Lu dans la presse
|
Publié le 6 Novembre 2017

#Actu #Crif - Francis Kalifat : "La législation française ne dispose pas encore d'un arsenal juridique pour combattre l'antisionisme"

Pour sa première grande interview de rentrée dans Actualité Juive, Francis Kalifat parle de ses attentes en matière de lutte contre l'antisémitisme et de maintien de la pression sur Sentinelle.

Publié le 6 novembre 2017 dans Actu J

Actualité Juive : Qu’attendez-vous du  procès Merah dont le verdict est attendu pour le 2 novembre ?
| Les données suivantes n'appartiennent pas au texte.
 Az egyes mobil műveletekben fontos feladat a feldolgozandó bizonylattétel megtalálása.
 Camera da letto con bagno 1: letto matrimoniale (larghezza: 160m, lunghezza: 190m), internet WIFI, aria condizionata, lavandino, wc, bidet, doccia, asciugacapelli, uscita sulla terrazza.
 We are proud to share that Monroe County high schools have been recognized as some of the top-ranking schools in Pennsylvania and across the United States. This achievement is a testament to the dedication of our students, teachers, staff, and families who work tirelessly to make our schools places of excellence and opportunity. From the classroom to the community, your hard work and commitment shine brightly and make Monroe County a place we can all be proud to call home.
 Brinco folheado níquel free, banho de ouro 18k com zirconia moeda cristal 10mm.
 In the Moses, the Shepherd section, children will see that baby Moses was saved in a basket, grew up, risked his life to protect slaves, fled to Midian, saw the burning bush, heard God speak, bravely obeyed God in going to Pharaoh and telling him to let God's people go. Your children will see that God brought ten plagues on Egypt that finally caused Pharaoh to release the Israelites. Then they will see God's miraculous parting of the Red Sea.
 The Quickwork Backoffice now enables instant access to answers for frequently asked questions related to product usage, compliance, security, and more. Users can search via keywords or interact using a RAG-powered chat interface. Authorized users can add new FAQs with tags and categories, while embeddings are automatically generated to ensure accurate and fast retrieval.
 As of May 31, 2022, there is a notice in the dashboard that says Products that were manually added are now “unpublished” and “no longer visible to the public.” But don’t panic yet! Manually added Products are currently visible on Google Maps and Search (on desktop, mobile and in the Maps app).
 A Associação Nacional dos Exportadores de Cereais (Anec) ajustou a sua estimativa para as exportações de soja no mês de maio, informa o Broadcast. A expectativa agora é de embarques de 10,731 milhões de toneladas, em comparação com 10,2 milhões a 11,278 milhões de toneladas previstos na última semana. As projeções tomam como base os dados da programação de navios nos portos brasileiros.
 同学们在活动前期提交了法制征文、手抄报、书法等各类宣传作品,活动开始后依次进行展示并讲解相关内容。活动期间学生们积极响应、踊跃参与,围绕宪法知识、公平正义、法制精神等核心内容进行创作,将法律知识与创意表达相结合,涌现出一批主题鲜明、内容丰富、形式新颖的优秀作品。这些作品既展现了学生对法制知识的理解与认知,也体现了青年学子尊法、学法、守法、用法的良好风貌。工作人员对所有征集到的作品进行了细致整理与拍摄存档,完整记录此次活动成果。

Francis Kalifat : Le CRIF s’est constitué partie civile et j’ai moi-même assisté  à plusieurs audiences de ce procès visant le frère de l’assassin des militaires et de Jonathan, Gabriel, Arié Sandler et de Myriam Monsonégo. Je voudrai d’abord vous dire mon émotion  mais aussi saluer l’intelligence, la pertinence et la pugnacité des plaidoiries des avocats des parties civiles maîtres Simon Cohen, Ariel Goldmann, Elie Korchia et Patrick Klugman, entre autres. Puis vous dire ma conviction : l’assassin n’était pas bien sûr ce loup solitaire, mais bien le bras armé de cette idéologie mortifère, l’islamisme radical, qui prospère sur la haine des Juifs, de la France, de ses valeurs et de l’Occident, guidé par son frère pour lequel nous attendons une condamnation  lourde et dissuasive car il en est le mentor, l’idéologue et l’instigateur. Une sanction exemplaire, comme signal à tous les admirateurs de ce meurtrier terroriste. Une sanction exemplaire qui, j’espère, contribuera  à faire reculer les « territoires perdus de la République ».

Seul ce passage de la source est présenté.